New drug target
Researchers at the Max Delbrück Centre for Molecular Medicine, and the Robert Rössle Cancer Clinic, both in Berlin-Buch, Germany, along with collaborators at the US National Cancer Institute, in Frederick, Maryland, have discovered how a gene involved in the formation of metastases in colon cancer is controlled, providing a new drug target and opening up an important new avenue for colon cancer diagnosis and treatment.
The researchers demonstrated that the S100A4/metastasin gene, which controls the proliferation and invasion of tumor cells, is regulated by a specific signaling cascade that is directly related to colon cancer metastasis formation. They have called this the beta catenin/TCF signalling cascade.
In microarray studies, S100A4/metastasin was identified as the gene most strongly expressed by mutated beta-catenin protein. One of the functions of beta-catenin is to regulate cellular adhesion.
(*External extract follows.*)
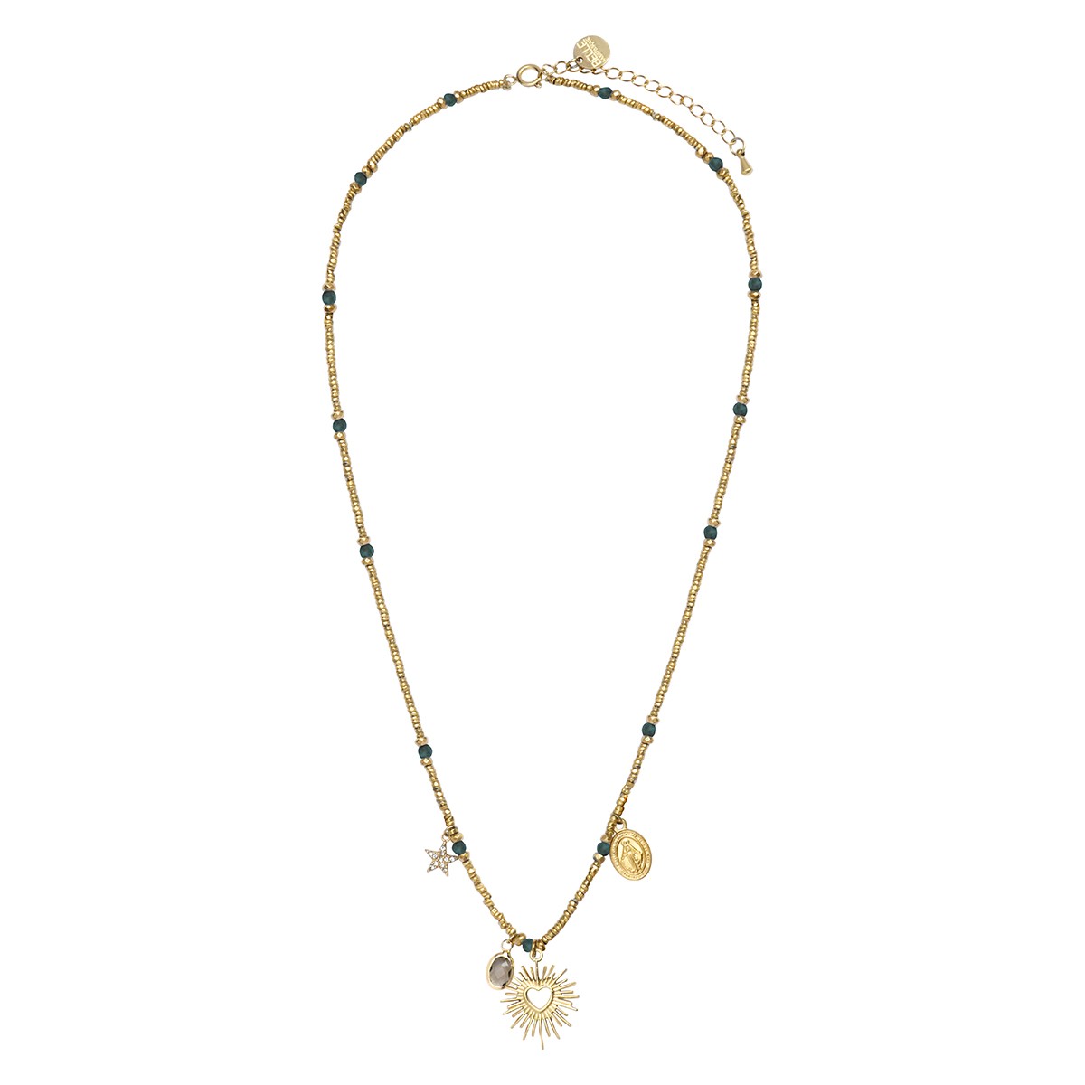 Le Collier Lucky charms, entièrement confectionné à la main, est composé de turquoise africaine, fines pépites d'hématites dorées et charms en acier inoxydable.

If it becomes mutated, cells dissociate from their neighboring cells and are thus able to migrate and settle in other organs, forming metastases.
The researchers were able also to pinpoint the binding site on the S100A4/metastasin gene for the mutated beta-catenin protein, from where it regulates the gene. The expression of the S100A4/metastasin gene triggered by beta-catenin, leads to increased migration and to invasion of tumor cells. If this signaling chain is interrupted, the tumor cells can no longer migrate.
In animal experiments, it was shown that switching on the S100A4 gene greatly increases the rate of metastasis, and this finding has been substantiated over the course of the disease in colon cancer patients. Patients with elevated S100A4/metastasin levels in tumour biopsy samples were more likely to get metastases in the liver or lung.
The findings uncovered the interconnection of two previously unrelated cellular mechanisms, which have been shown to be important for tumor progression and metastasis formation: the beta catenin/TCF signaling pathway and the S100A4/metastasin gene, which controls migration and invasion.